Letters to the Editor
Editor FAITH MAGAZINE July-August 2013
The Editor, St Mary’s and St David’s, 15 Buccleuch Street, Hawick TD9 0HH, email@example.com
Form of ‘Horseness’
Dear Father Editor,
In your May/June editorial, you question Aristotle’s concept of the form’s adequacy for giving an account of the continuum of development in life forms that lies at the heart of the theory of evolution. Aristotle’s concept of form, suitably refined by St Thomas Aquinas, is a metaphysical concept. As such it has no place in empirical description. It is wholly – and rightly – innocent of the concept of falsifiability. The latter is the indisputable foundation of scientific enquiry. It is not the task of metaphysics to give an empirical account of anything.

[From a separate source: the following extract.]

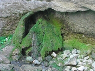 A son pied une fente pleine de mystère et un filet d'eau émergeant d'une bosse
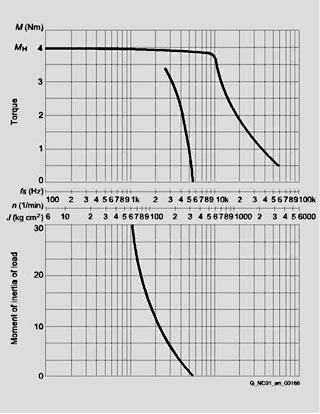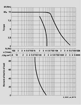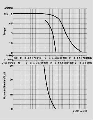 Характеристики двигателя предоставляют информацию о допустимой мощности привода и всегда относятся к скорости двигателя (об/мин).). Соответствующая управляющая частота при разрешении 1000 шагов/оборот может быть считана со шкалы "fs (Гц)". Значения шкалы "fs (Гц)" необходимо умножить на 0.5/5/10 в соответствие с разрешением в 500/5000/10000 шагов/оборот. Значения скорости двигателя (об/мин) остаются без изменения.

Aristotle’s hylomorphism (matter-formism) has triumphantly withstood the test of time. Aquinas’ teleology is unthinkable without it. Without form we would have no basis for natural law morality. If evolution is a true scientific theory – and not just an ideology – then it must be falsifiable. Empirical investigation is built upon the notion of falsifiability. A non-falsifiable scientific hypothesis is a contradiction in terms. But is evolution falsifiable? That – and not Thomistic metaphysics – is what needs looking at.
Dear Father Editor,
Your May/June editorial sees St Thomas Aquinas’s system as static, and says we need something more dynamic – specifically, that we need to bring in evolution (this is a traditional Faith movement theme, and to be expected). But then it speaks explicitly of ditching the form (or essence) approach of Aquinas and Aristotle and gives the example of “horseness” as something that can change – without seeming to realise that this leads logically to ditching the notion of “human being” and, as a consequence, our union with other humans, from Adam and Eve down the ages until
the end of time.
If we do not share the same nature, what happens to original sin; to our solidarity with others; even to our being able to understand what they say? If the matter is taken to its logical conclusion, we would end up ditching the notion of Christ himself as something (or someone) permanent.
I think this poses a key query about the possibility of combining evolution and Christianity. An attempt to save the possibility could be that human beings, unlike horses, have an immortal soul, which keeps us all united, despite the fact that our bodies can evolve. But this does not fit in well with the theory of evolution (or at least I don’t see it doing so).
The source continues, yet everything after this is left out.